Of the ones that were a little faster, this one is the simplest. It runs a little faster than yours (using my test data) even though it includes an O(n log n) sort:

def fast(strings):
    #reverse all the strings to turn suffixes into prefixes
    sorted = [s[::-1] for s in strings]
    sorted.sort()
    # a prefix that matches i characters in the previous
    # string matches matchCounts[i-1] words
    matchCounts = []
    prevstr = ''
    count = 0
    for s in sorted:
        for i in range(min(len(prevstr), len(s))):
            if s[i] != prevstr[i]:
                del matchCounts[i:]
                break
            count+=matchCounts[i]
        while len(matchCounts) < len(s):
            matchCounts.append(0)
        matchCounts[len(s)-1] += 1
        prevstr = s
    return count

This is a somewhat optimized version of your algorithm that runs a little faster than both of them:

def faster(strings):
    suffixIds = {}
    counts = [0]
    wordcounts = [0]
    wordids = []
    for s in strings:
        id = 0
        for i in range(len(s)-1, -1, -1):
            key = s[i:]
            id = suffixIds.get(key)
            if id == None:
                id = len(counts)
                counts.append(1)
                wordcounts.append(0)
                suffixIds[key] = id
            else:
                counts[id] += 1
        wordids.append(id)
        wordcounts[id] += 1
    return sum([counts[id] for id in wordids]) - sum([n * (n+1) // 2 for n in wordcounts])

Answer 4

There is room for improvement, and you can optimize the solution further. Let me provide you with an optimized version based on your 2nd version, addressing some inefficiencies and improving the overall readability:

def count_end_slices(strings):
    slice_count = {}
    count = 0

    for string in strings:
        length = len(string)

        # Check if this word is already the suffix of some previous words
        if string in slice_count:
            count += slice_count[string]

        # Generate slices that include the end of the string
        for start in range(1, length):
            slice = string[start:]

            # Count the occurrences of each slice
            if slice in slice_count:
                count += slice_count[slice]

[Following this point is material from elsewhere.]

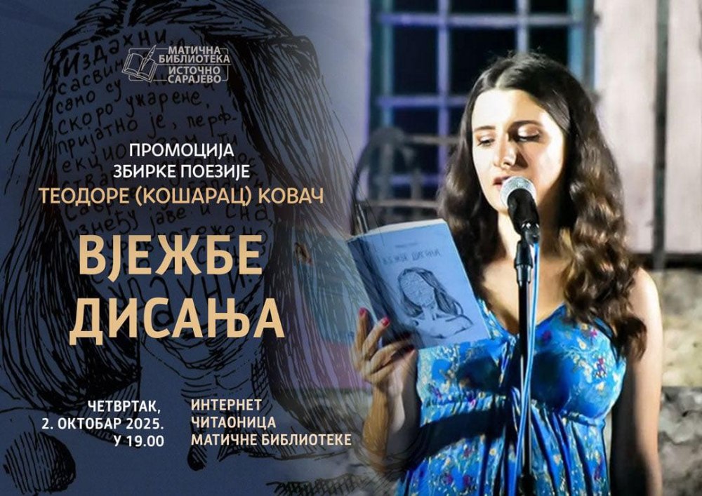 Matična biblioteka Istočno Sarajevo u četvrtak, 2. oktobra, organizuje promociju zbirke poezije „Vježbe disanja“ autorke Teodore Kovač.

            # Update slice_count
            slice_count[slice] = slice_count.get(slice, 0) + 1

    return count

Changes and improvements:

1. Removed the unnecessary strings_count dictionary, as it was not being used for anything useful.
2. Removed the inner loop that iterated over the entire length of the string and started the loop from start = 1 since an empty slice is not useful in this context.
3. Used slice_count.get(slice, 0) + 1 to handle the case where the slice is not in the dictionary yet, avoiding the need for an explicit check.

This optimized version should provide better performance and maintain the correctness of the solution.